貴公子はいじらしさを愛でる
今夜のリリーは、とてもおとなしい。
「……坊ちゃま」
膝に温かいクマのぬいぐるみを抱いて、時々エドモンドを呼ぶ。
いつものようにリリーとロビンをエドモンドが抱いているのだから、首をひねればそこにいるのだが。
「なんだ」
最初は聞き返していたエドモンドも、三度四度と続けば「返事は不要」と判断したらしく、呼ばれるたびに頭を撫でるだけになった。
髪が乾くとすぐに「坊ちゃま、遊ぼう」と珍しく自分から誘い、了承したエドモンドが「好きなものを持ってこい」と、本や玩具が置いてある棚を示した。
なのにリリーはエドモンドの膝上から動かなかった。
では代わりにいくつか見繕って、と考えた家令ロバートを、視線だけでエドモンドが止めた。
結果そのままリリーは片手でエドモンドの指を握り、もう片手でロビンを抱きながら、物憂げな顔つきで暖炉の火を眺めている。

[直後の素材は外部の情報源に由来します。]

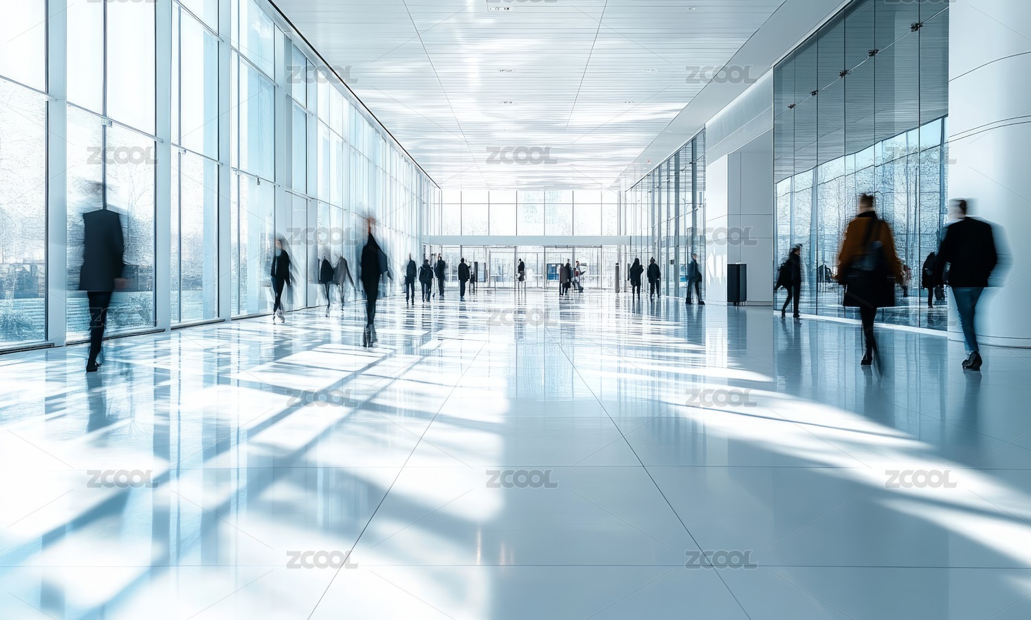 现代商务建筑写字楼走廊空间模糊人群剪影

たまに「ほうっ」と息を吐いているとは自覚もないのだろう。
小さな貴婦人には何かお悩みごとがあるらしい。
ロバートはそう推察した。
「大人ならば浮かない顔をしている時は、抱けば大抵事足りるのだが、子供ではそうもいかない。難しいものだ」
うとうとした眠りから熟睡に移行したリリーを見下ろし、そのような発言をするエドモンド。
家令ロバートは「いきなり、それですか」と内心呆れても微塵も顔には出さない。エドモンドが言うからには美男子共通の認識で、自分の知らない真実なのだろう。
「理由はお分かりになりますか」
それだけ密着しているのだから、特異な能力の持ち主である若き主ならばリリーの悩みの種も読み取れていると思われる。

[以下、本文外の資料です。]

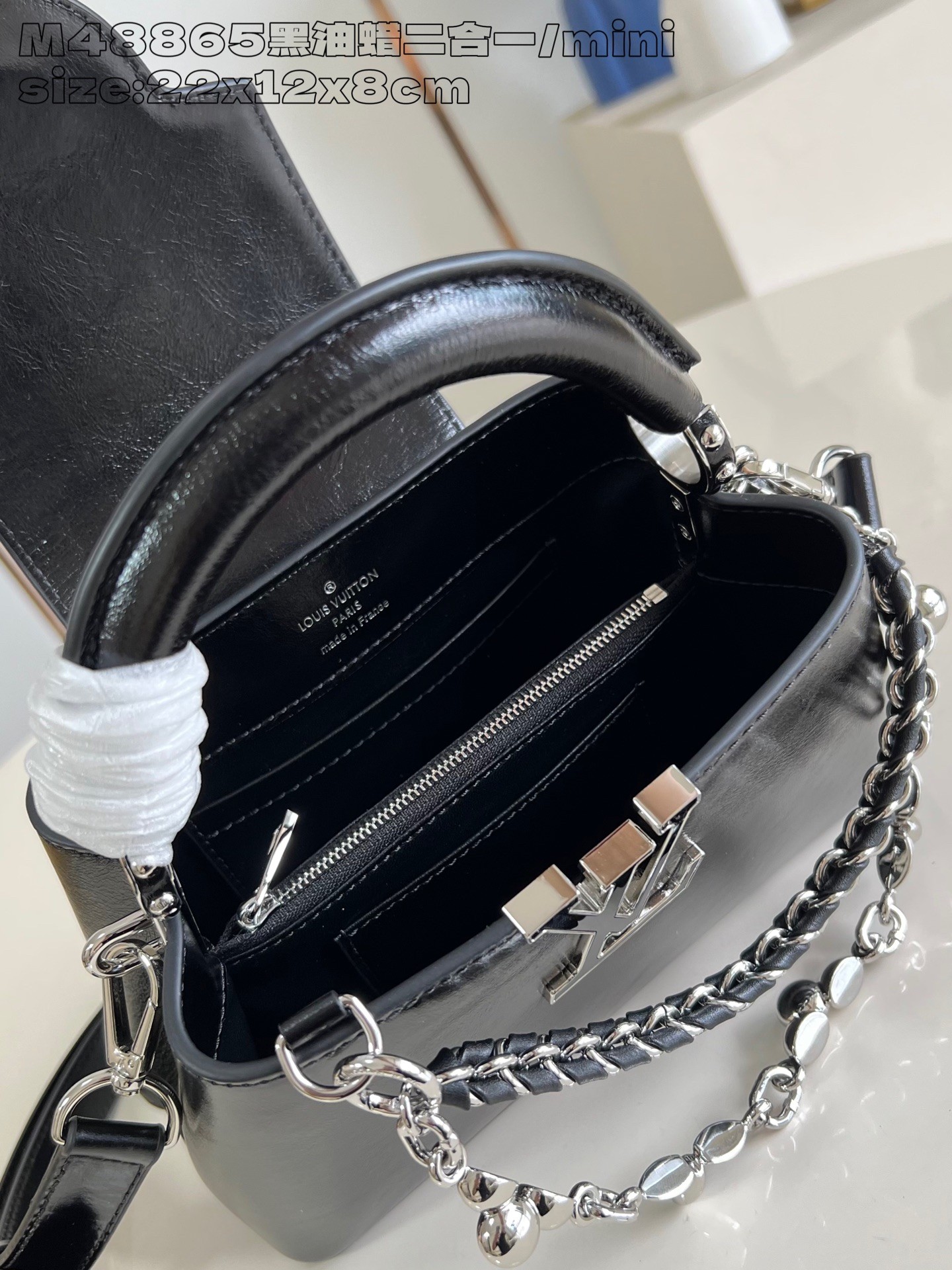The Louis Vuitton Capucines East-West Mini handbag embodies a blend of sophistication and contemporary design, drawing inspiration from Louis Vuitton's beauty line to create a statement piece. Its unique silhouette and exquisite detailing make it a must-have accessory for the discerning fashion enthusiast.

「さあ。やるせない気持ちは伝わってくるが、コレのなかで折り合いはついているようだ」
ロバートの予測に反して、エドモンドはリリーの内心を覗かなかったらしい。
くったりと全ての力を抜きエドモンドに身を委ねているリリーの頬は、形容しがたいほど美しいピンク色で、エドモンドでなくても撫でたくなる滑らかさだ。
指の背ですいっと撫でていても、リリーが目覚める気配はまるで無い。
「少ししょげているのも、いじらしくていいものだな」
なんとも酷いことを口にするが、ロバートにも分かる気はした。
息子エリックが友人にやり込められて帰宅した日、普段よりも静かに少しだけ耐える様子で、母親に色々と話しかけたらしい。
「可哀想なのがまた愛しくて胸がいっぱいになった」と妻が話していたのを覚えている。
「今日はなんだ」
エドモンドが問うのは、お目覚めのおやつのことだろう。
「カスタードプディングをご用意致しております」
先日初めて出したところ「また食べたい」と可愛らしいおねだりのあったものだ。
「クリームを添えてやれ」
カスタードプディング自体がクリームのようなお味でございます。とは言わずに「でしたら、栗の甘煮を裏ごしいたしまして、添えましょう」と提案する。
栗の甘煮は数あるリリーの好物のひとつだ。もっともエドモンドに言わせれば「お前は甘ければ何でも美味しいのだろう」となるが。
「他の子供は知らないが、コレは甘いもので機嫌をとれるか。単純でいい」
そう言ってエドモンドの浮かべた微笑は見とれるほど美しかった。